Re: Storage of data between crawls

lewis john mcgibbney Thu, 28 Jul 2011 09:21:45 -0700

Well when Nutch undertakes a generate fetch and parse e.g. the steps that
generate segment data for indexing, the data is stored in various forms
within the segment. There is much more purpose to the segment that explained
in this reply however it does not add to this particular thread.
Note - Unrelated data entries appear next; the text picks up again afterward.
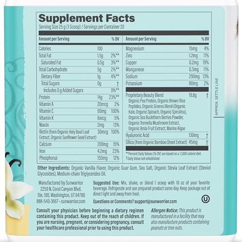 – Sugestão de Uso: Para obter os melhores resultados, misture 1 colher de sopa do Pó de Proteína de Colágeno Vegano da Sunwarrior com 10 oz da sua bebida preferida. Pode ser adicionado a shakes de proteína, café, leite de amêndoa ou água. Consuma diariamente para promover a produção de colágeno e desfrutar dos benefícios para a saúde.
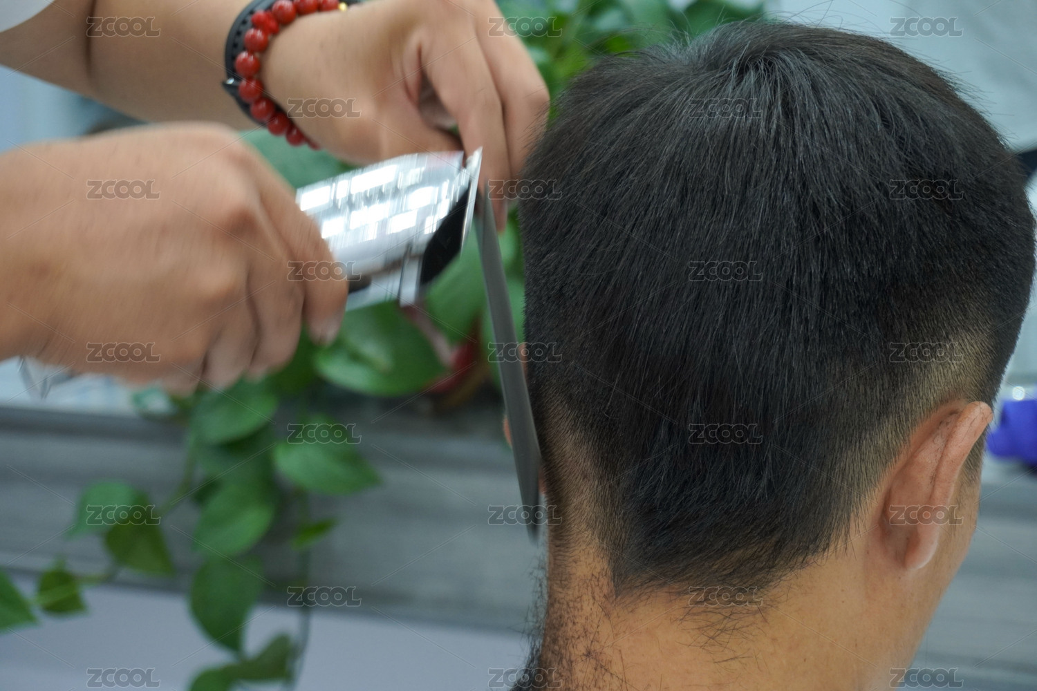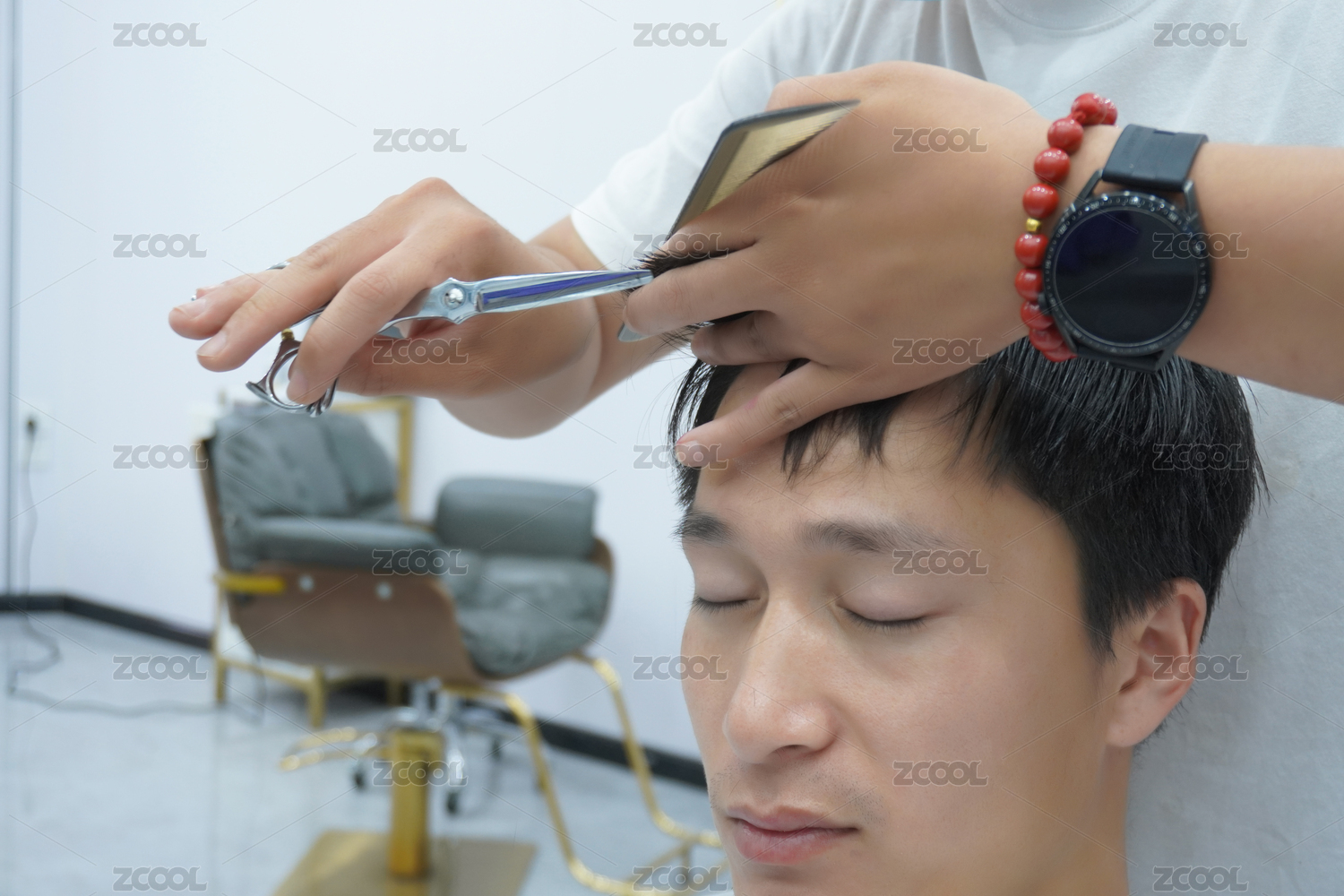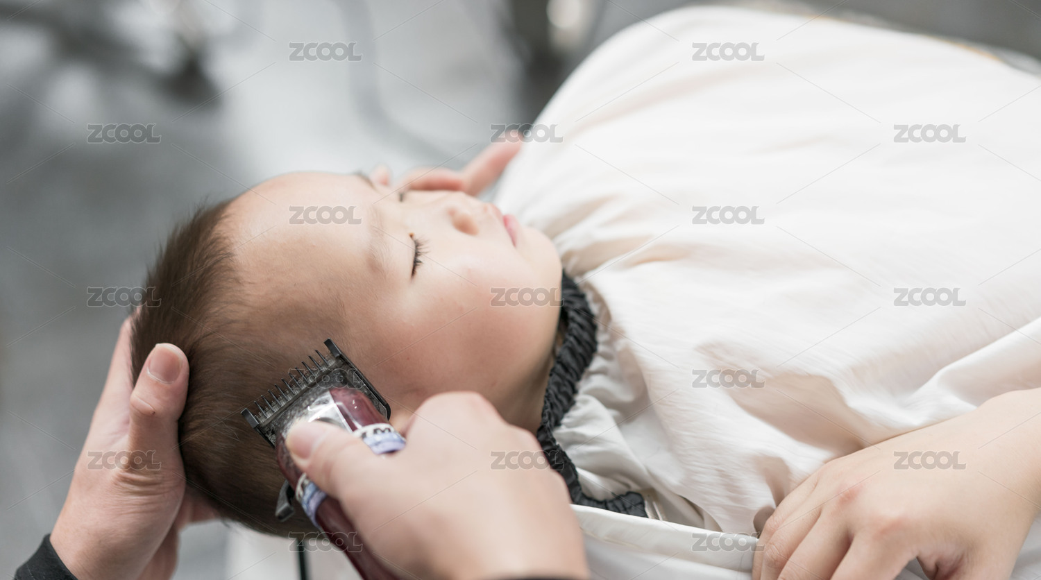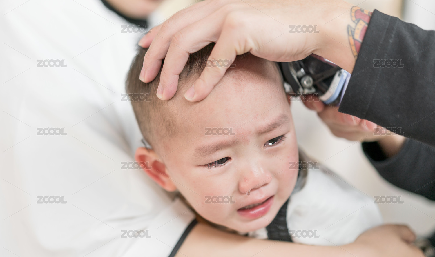 扁平风格矢量插画龙抬头理发师给小孩子剪头
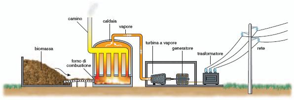 Le centrali termoelettriche alimentate da biomasse solide o liquide effettuano la conversione dell’energia termica, contenuta nel combustibile BIOMASSA, in energia meccanica e successivamente in energia elettrica.
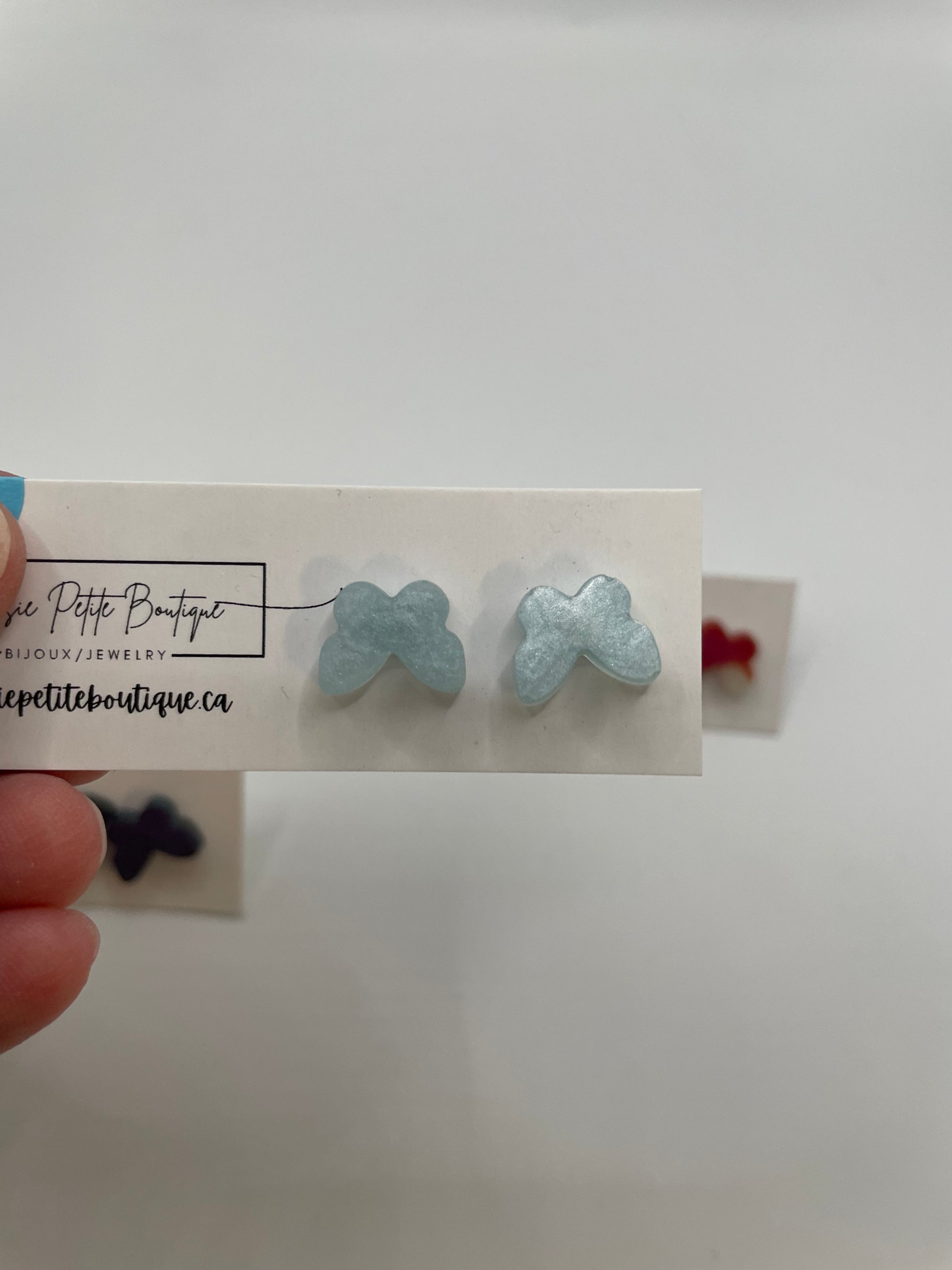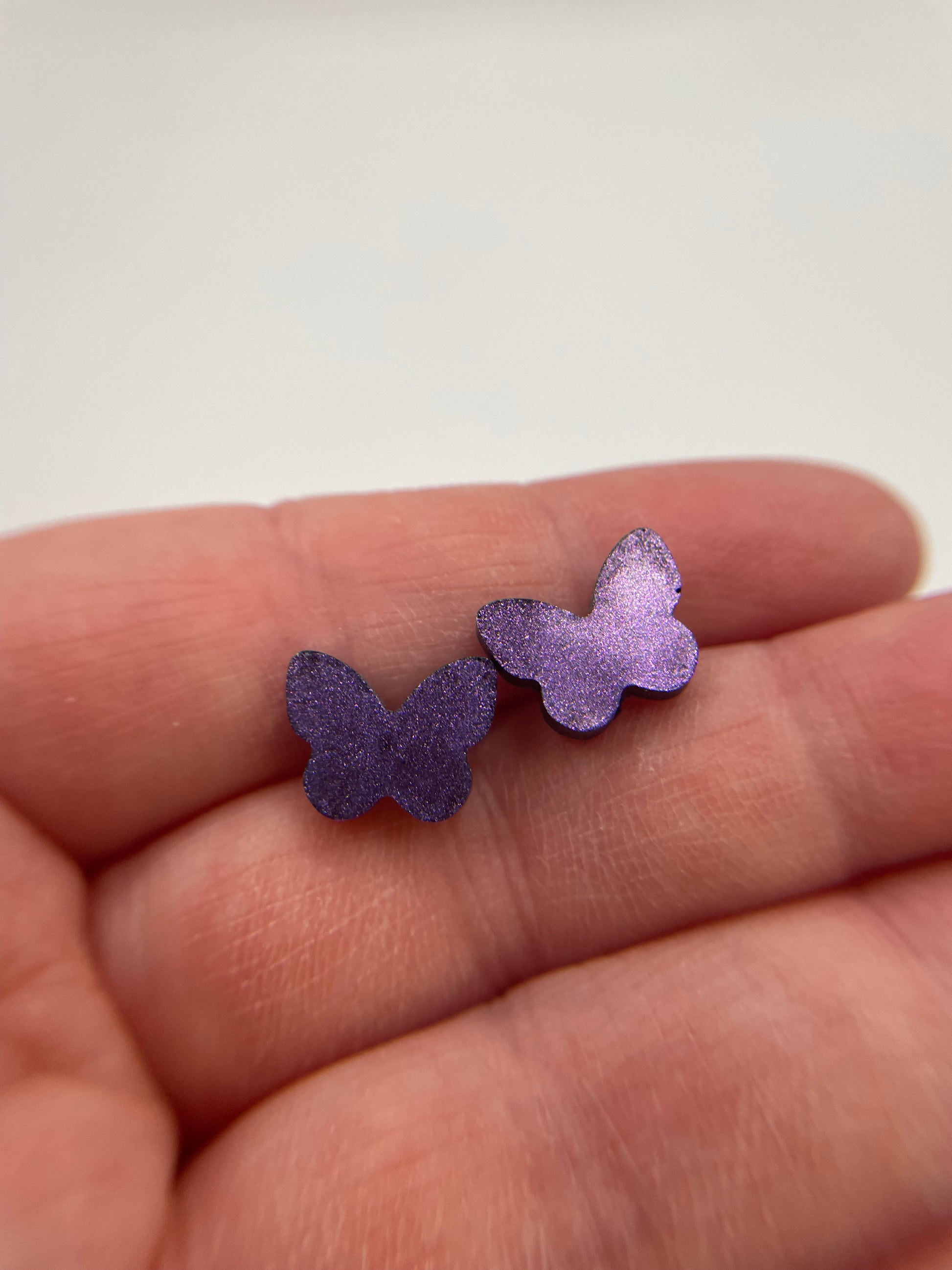 Delicate and charming, these butterfly stud earrings bring a soft shimmer to your everyday style. Handmade from resin with mica powder, they have a subtle finish that catches the light beautifully. Lightweight and comfortable, these nickel-free earrings are perfect for daily wear or as a thoughtful gift for someone who loves unique, handcrafted jewelry. Available in two lovely color options.

If you have a look at nutch-default.xml you will noticed a deprecated
property db.default.fetch.interval, ignore this for the time being and focus
instead on db.fetch.interval.default (which is a much more accurate method
of specifying default value for re-fetches of any given page anyway), any
segment older than this value can be safely deleted as new segments will
have been created in successive crawl processes thus rendering it less
useful to us. This is one option for reducing the amount of memory Nutch
data takes on disk.

An alternative option to this is to mergesegs with the option to pass
filtering and slicing commands for a healthier output segment. I remeber
learning on this list some time ago that mergesegs is a useful command for
managing a Nutch instance which produces several segments per day.
Understandably this can get out of hand pretty quickly therefore merging
segment data enables us to manage this effectively.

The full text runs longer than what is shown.